When I first read Oklahoma’s Senate Bill 503 (“SB 503”) filed during the 1st Session of the 57th Legislature (2019), I would be lying if I did not say that my jaw dropped. On its face, most of the existing statute remains unchanged. In fact, very few words have been added and/or modified. However, if the proposed legislation is passed and survives a constitutional challenge, the ramifications would be huge.
What is Oklahoma's Senate Bill 503?
SB 503 purports make two major changes by modifying Title 52 O.S. §87.1 to amend the statutory Pugh clause and allow wellbore pooling. First, the current statutory Pugh clause provides that lands outside of a spacing and drilling unit of 160 acres or more cannot be held by a lease beyond its primary term. However, because the statute only became effective on May 25, 1977, Oklahoma courts have held that the existing Pugh clause statute cannot be applied retroactively and does not apply to leases that were held prior to that date. But, with SB 503, the spacing requirement of 160 acres is eliminated and all leasehold interests outside of a producing drilling unit would automatically be released regardless of whether the well was drilled before or after May 25, 1977.
Second, SB 503 also purports to create wellbore pooling. As is stands now, pooling has been on a formation basis. So, if one formation is pooled, the initial pooling election made, or deemed if a respondent failed to elect, in that formation would control as to subsequent wells potentially drilled in the same formation.

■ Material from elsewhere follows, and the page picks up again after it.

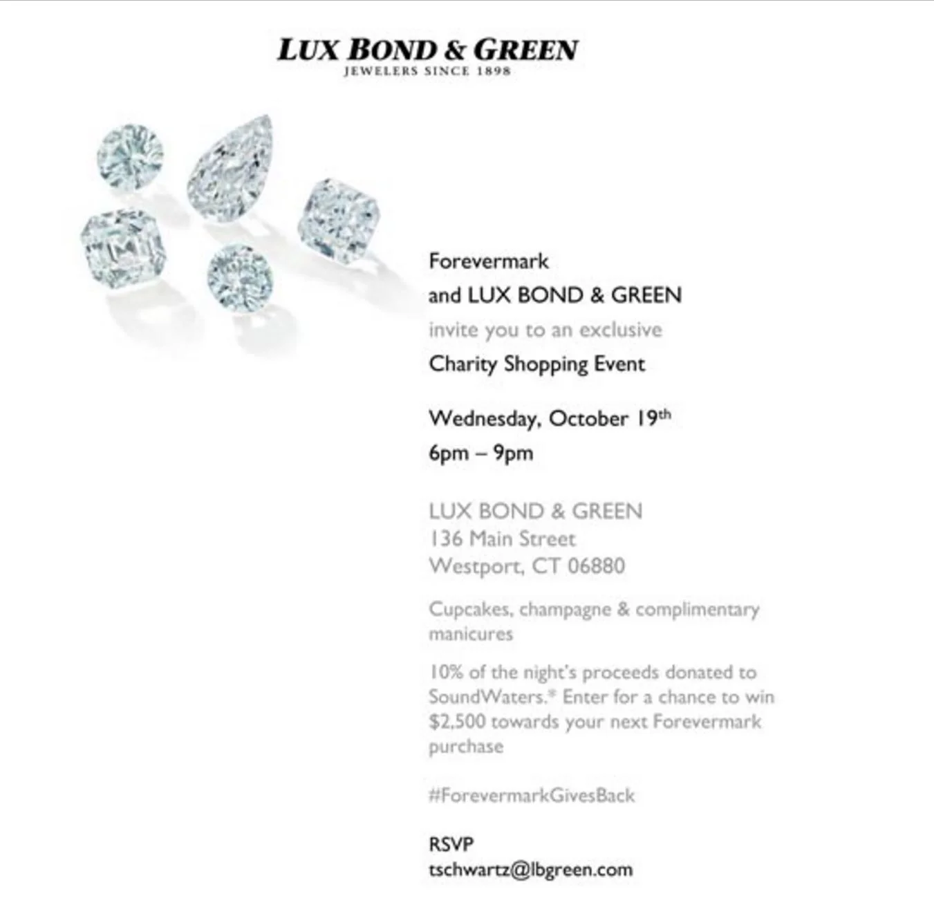 Cupcakes, champagne, and complimentary manicures. 10% of the nights proceeds donated to SoundWaters. Enter for a chance to win $2500. towards your next Forevermark purchase.

By contrast, pooling by the wellbore would allow respondents to potentially make a different election for each wellbore even if in the same formation.
Pros and Cons of SB 503
It is under these sets of rules that thousands of title opinions have been rendered. I have seen oil and gas leases going back to the 1920 that are still in existence because they are being extended past their primary term due to production and the statutory Pugh clause did not apply. The passage of the SB 503 would be a benefit for mineral owners because they will have leased interests that would now become unleased. This would allow these mineral owners to execute new leases where they would get a new lease bonus and possibly a better lease royalty than they had before.
For affected oil and gas companies, the passage of this bill would result in a cumbersome task of potentially reviewing every opinion they have to assess the potential impact. Any released acreage would have to be leased again if the lands were part of a company’s development plan. In addition, all existing pooling orders will need to be evaluated to determine whether working interest owners are now allowed to make an election on subsequent wells.
Keeping an Eye on OK SB 503
If SB 503 were to be passed, it would be one of the most significant pieces of legislation to affect oil and gas that this state has seen in a while. Needless to say, every mineral owner, oil and gas company and Oklahoma oil and gas title attorney will be keeping an eye out to see what happens with this bill.